铁鸟行状录

从小到大第一次做铁鸟,不敢怠慢。8:45的班机,5点30便起了床,收拾东西打车赶到北太平庄的大巴停车点,刚六点。
一下车,旁边停着的一辆桑2000车门便开了。司机招呼,“去机场的吗?走不走?20块直接到,车上已经两个人了,上车就走。”
走啊,为什么不走。
车门一开,哇塞,有人对我嫣然一笑——美女!
“美女你好!”
“帅哥你好!”
“美女一个人么?”
“是呀!帅哥你也单身么?”
“嗯那…”
…………
…………
…………

当然,如果故事就这么发展的话,这篇文章的吸引眼球率一定会大大提高,而我在各位读此文章的jjmm们心目中的形象一定会黯淡不少。两相权益,偶还是决定长远考虑,安分守己。
于是,一路上,偶只管听歌养神,眼皮基本没有抬几次。有限的这几次,据偶的“旁光”观察,美女有十分迫切的欲望要跟我搭讪。当然了,我十分坚决的杜绝了这事实的发生,屹然不动,继续闭上双眼,把头转向车窗外继续浑噩。
一路畅通,没走高速的情况下到机场连30分钟都不到。停车、付钱,美女幽怨地白了我一眼,挎上从前车门下来的男友一扭一扭地进了国际航班地候机厅。偶开始庆幸,美女男友的身高体重与我在车上目测的大致相当,比不上江津也基本是韩文海的水平……

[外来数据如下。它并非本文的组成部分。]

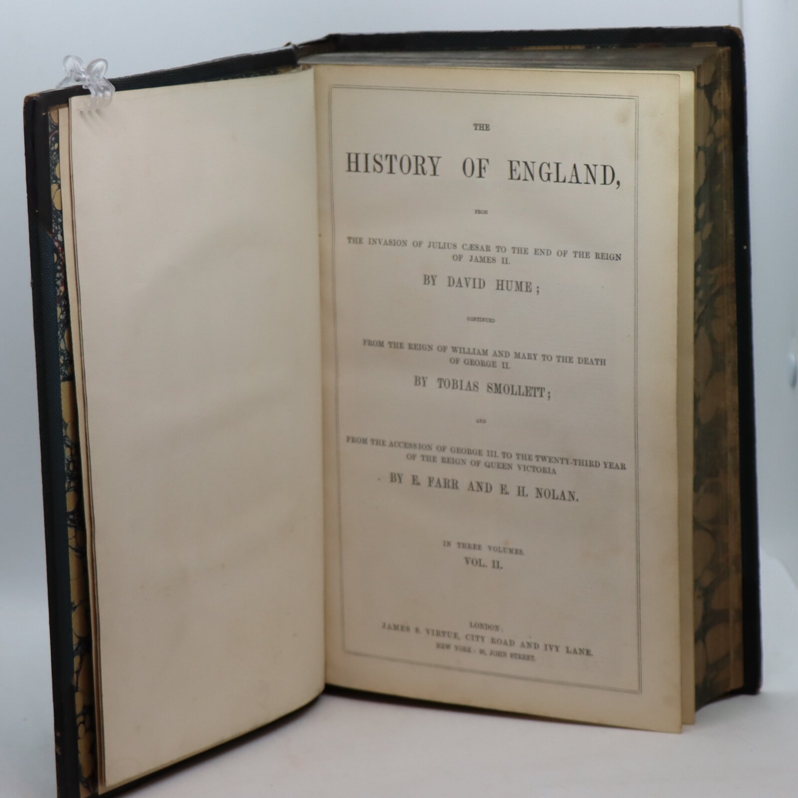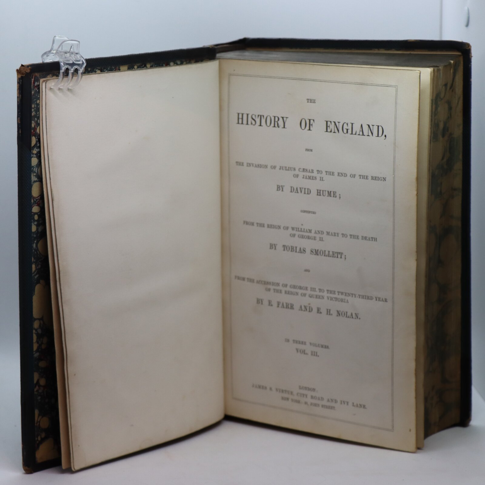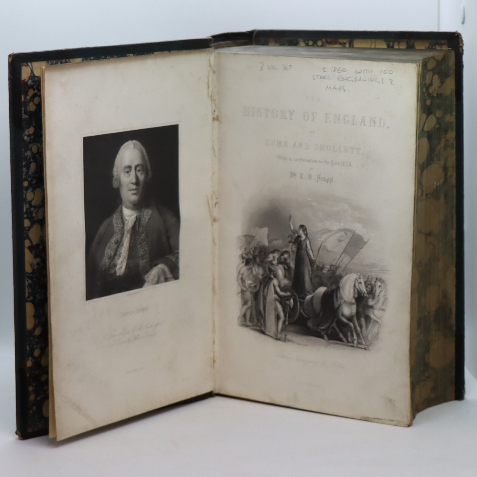 A very clean three volume history of England written by David Hume and Tobias Smollett, lavishly illustrated with plates and maps. First appearing between 1754 and 1761, this History of England was David Hume’s magnum opus, held as the standard history of England in its day and running over one hundred editions. Hume’s contribution began with Caesar’s invasion and finished with the Revolution of 1688; Smollett’s continued from the reign of William and Mary until the death of George II, and E. Farr and E. H. Nolan covered the accession of George III until the thirty-sixth year of the reign of Queen Victoria. David Hume (1711-1776) was a philosopher and writer of the Scottish Enlightenment. Continued by Tobias Smollett (1721-1771), a writer and historian known for his picaresque works; he published a supplement volume to the original work between 1760 and 1765.Lavishly illustrated throughout with plates engraved on steel, as well as an illustrated frontispiece and half-title page to each volume.
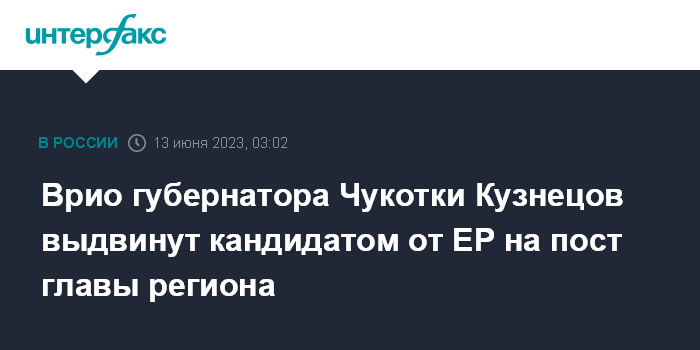 Москва. 13 июня. INTERFAX.RU - Чукотское региональное отделение партии "Единая Россия" выдвинуло врио губернатора округа Владислава Кузнецова кандидатом на выборы губернатора Чукотского автономного округа, сообщается на сайте отделения.

进大厅之后,回顾了一下昨晚螃蟹指导的办票手续,机场建设费、登机牌、验证、安检、找登机口,又是一路畅通。嗯,丫没骗我。不过安检完了才想起来我包里的相机里还有半卷黑白胶卷,不知对安检用的X光有没有反应。
机场代步的传送带蛮有趣。小时候就想过,如果大街上的人行道要都是一排排不同速率不同方向的这种传送带该多好。本来应该趁这机会好好钻研一下物理学里的相对速度概念啥的。结果发现身前身后的大叔大婶们已经在对左摸右看的我行注目礼了。只好作罢。÷
登机口的号码不错,38号。我想从这里登机的空姐们一定女人味十足。
在正对着大落地窗的椅子上坐定,看看表,6:50。在家的时候,这个点儿正是嘟嘟刚起床活动开,跑到床头的暖气上蹲着“喵喵”叫我起床的时候。
抬头,巨大的三角形钢架之间嵌着淡灰色的大玻璃。忽然有种欲望:三步两步跑进最近的卫生间,一把扯掉领带、西装、衬衣,露出里面紧身的蓝色连体衣,套上大红色的裤衩,披风往脖子上一扣,再穿过惊愕的人群从卫生间里杀将出来;右臂上举,握拳,挺胸,冲天而起。顶棚上大块的玻璃在我强力的冲击下分崩离析,“哗啦”一声如珍珠雨落,无奈看我绝尘而去。披风在清晨微凉的空气中刷刷作响,胸前大大的“S”字样映着朝霞熠熠生辉……

喀嚓——“乘坐飞往深圳的CZxxxx号班机的旅客请注意,你所乘坐的航班停机位置临时调整。请携带您的行礼,到一层大厅的44号登机口登机。乘坐飞往……”
我FT。打扰了我的飞天不说,居然还把38换成了44。真xxx。

等上了飞机开始明白,便宜没好货这句话放之四海而皆准。780元的机票大概就只能坐这种破破的烂飞机吧。
位子靠窗。旁边就是发动机和翼根。开始回忆,仿佛某篇文章里提到过机身中部的位置在飞机坠毁时最容易被撕裂,而被弹出来的乘客往往比在机舱里的乘客有高的生存率。嗯,不错。
空叔开始讲解氧气面罩的带法,还有逃生的须知。动作专业,“机舱的逃生口分别位于机身的前部、中部和后部。”于是,空叔的双手分别在肩侧展开、展于前胸、并直伸往前方……目光坚毅而镇定。我对自己安全逃生的信心不觉又增加了几分。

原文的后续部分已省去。